The XTX I still have and am doubting about its 360w with the PL slider on stock (sapphire pulse)
The XTX my friend has (hellhound) is 355w with the PL slider on stock
The 4070ti super I can actually get for 850 (kfa oc) is listing 320w tdp in the spec (no idea if thats with slider maxed our or on stock)
So I dont think the difference is all that big. And the cards wont be maxed in my games so actual power use will be lower, since 4k60 in my sims is quite peanuts for a XTX and its doing ~180 watt in my own tests ie.
Not sure if Nvidia will scale much better in lower power situations but its not very interesting metric to decide a gpu on :P.
I didnt look into upscaler much but I will believe you on DLSS, reviews say the same - but again - in my usecase - Ill hardly use it.
And yea Im indeed between TI super or 7900xtx.
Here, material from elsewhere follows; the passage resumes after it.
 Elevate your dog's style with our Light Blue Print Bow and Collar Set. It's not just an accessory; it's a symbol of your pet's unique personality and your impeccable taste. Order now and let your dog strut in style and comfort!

Or just cheaping out use 7800xt and see with next gen.
karmapopsicle@reddit
I mean if the 7800 XT is capable of delivering acceptable performance for you now I'd say it's definitely worth saving the what... 300-400 euro? Bank that away and put it towards a next gen card.
junneh@reddit
Yep Im leaning that way. Will probably end up with a GRE if they dip below 550.
inflabby@reddit
tbh u dont really need a nividia card if u are not gonna use RT. u probably dont need a 1440 card either. 1080.
Leisure_suit_guy@reddit
Unfortunately for AMD this game with path tracing is a system seller.
miata85@reddit
Cyberpunk being an Nvidia-sponsored title has directly affected its ray tracing (RT) implementation. Nvidia sent its engineers to assist with, or even completely code, the game's RT. As a result, Nvidia optimized the game in a way that significantly hampers AMD's performance with RT.
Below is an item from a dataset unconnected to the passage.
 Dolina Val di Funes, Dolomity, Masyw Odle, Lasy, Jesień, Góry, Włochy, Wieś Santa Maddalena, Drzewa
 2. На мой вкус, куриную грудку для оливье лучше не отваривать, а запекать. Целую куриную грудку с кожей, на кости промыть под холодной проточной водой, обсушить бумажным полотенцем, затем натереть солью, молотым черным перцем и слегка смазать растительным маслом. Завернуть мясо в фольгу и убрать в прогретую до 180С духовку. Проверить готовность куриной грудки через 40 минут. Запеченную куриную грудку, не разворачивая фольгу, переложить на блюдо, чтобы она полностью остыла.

Ray tracing involves bouncing lights to create reflection effects in the game environment. Since it's too costly to do this for the entire world, the space is divided into smaller sections using a Bounding Volume Hierarchy (BVH). You can think of a BVH as a cube that is subdivided into 8 smaller cubes, each of which is further subdivided into 8 cubes, and so on. This process continues until the space is divided into small enough cubes that lighting reflections can be calculated efficiently.
AMD's current BVH implementation (in RDNA 2 and RDNA 3 architectures) relies on system RAM via the driver side, which is a slower solution. This is one of the main reasons why AMD's RT is generally slower than Nvidia's, though it is usually manageable. Normally, games use 1 or 2 light bounces, as more bounces provide diminishing returns in visual quality.
However, for Cyberpunk, Nvidia configured the game to use 4 bounces. While this offers little improvement in visual quality, it significantly affects AMD's performance due to their less efficient system memory BVH. Consequently, an AMD XTX card performs comparably to an Nvidia 3090-3090 Ti in typical RT games like Alan Wake 2 or Metro Exodus, where it is one generation behind but still usable. However, in Cyberpunk, its performance drops to the level of a 3070 or 2080 Ti, which is unacceptable for a card of its price and supposed performance. A similar situation occurred with the game Control.
In contrast, for Unreal Engine 5 games and other RT titles, AMD's performance is typically around 20% behind Nvidia, not the 50% gap seen in Cyberpunk.
JoeCollins19-99@reddit
I am currently putting together a system and thinking about getting a mobo and ram that will support 7400-7600mkz ram speeds. Being that the XTX uses system ram, would the faster ram make any noticeable difference with ray tracing performance?
Leisure_suit_guy@reddit
It was an interesting read, however, I wouldn't say that Cyberpunk 2077's RT implementation has "diminishing returns in visual quality"
C77 with path tracing is night and day compared to no RT or even normal RT.
From my point of view it's not C77 that overdid it, it's the other games you mentioned that underutilize RT.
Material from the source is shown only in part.